By the time I finished working today, the in-house batteries were down to 11.5 volts. Now, that’s after running the microwave, having the fridge running for a full day (and boy, does it keep things cold!), having the lights on for 6 hours, running a fan for 16+ hours, and playing music for 8 hours. If you ask me, that’s pretty darn good. A 12 volt battery is considered “dead” around 10.5 volts, so the van *should* be able to provide power for two full days without any type of charge being provided.

Tomorrow I’m gonna connect the solar panel and test how well it can recharge the batteries. Normally, the solar panel will always be connected and anytime there’s a good deal on sunlight, the van will be getting new power. Even if the van sits for a couple days running the amount of power I ran in the last 24 hours, the 250W panel should be able to keep up. Granted, the van will almost never sit for multiple days and if it did, I would turn off as much as I could to conserve power. Also, the batteries get charged any time I drive the van. If I drive for five hours, that’s a full charge to the batteries from completely dead.

Anywho, I started this morning by building a face for the under the floor drawer and finishing the trim around it. I’m honestly not sure what I’ll use this drawer for. I added it in my initial designs to simply make use of wasted space. I have a feeling it’ll end up becoming the “junk” drawer for all the things I don’t know what to do with.

Then I got to work on building the bed paneling. This took a lot longer than I was hoping it would, as I had to rip a couple 1x8s down into 2″ boards, then run five boards back through the table saw twice to cut out the channel down the center, and run a sixth board through the table saw cutting a channel on both sides of it. Of course, then I had to cut everything to fit, cut out the plywood inserts, glue and nail everything together, and sand it smooth.

After the panel was built, I cut a hole in the end that goes to the rear of the van to put an outlet in. This outlet was originally inside the storage area of the bed, but after I made some design changes and no longer needed the front face of the bed to slide out with the top, I decided it was better to move the outlet to a more convenient location. Then I stained the entire panel and got it installed in the van.

I made the second bed paneling just like the first, except this one is in two pieces, as the rear 15″ of the second bed is removable to access the portable toilet.

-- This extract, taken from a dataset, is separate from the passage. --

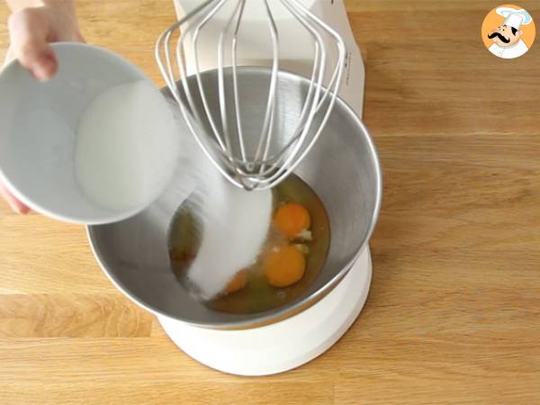 In castronul unui mixer puneti ouale, sarea, zaharul si extractul de vanilie. Bateti la viteza maxima timp de 5 minute: amestecul ar trebui sa-si dubleze volumul.

I also cut a hole in this one to mount my propane alarm, then stained everything and put it in place. My propane alarm is installed directly in front of where my propane tank sits. Since propane is heavier than air, this type of alarm needs to be installed near the floor. As a side note, if you ever decide to build a project like this, don’t buy the dual propane/CO alarms… unless you like being dead. CO alarms need to be placed high, propane alarms need to be placed low. Even if you settled on a “happy medium” and placed the dual alarm in the middle of a wall, you’d likely be dead by the time it ever went off.

The last thing I did today was set up the charge controller for the solar panel so all I have to do is connect the two wires on top of the van in the morning. I’m waiting until tomorrow to hook it up so that I can monitor the voltage the panel is producing and how well it charges the batteries throughout the day, without reducing the current load on the batteries.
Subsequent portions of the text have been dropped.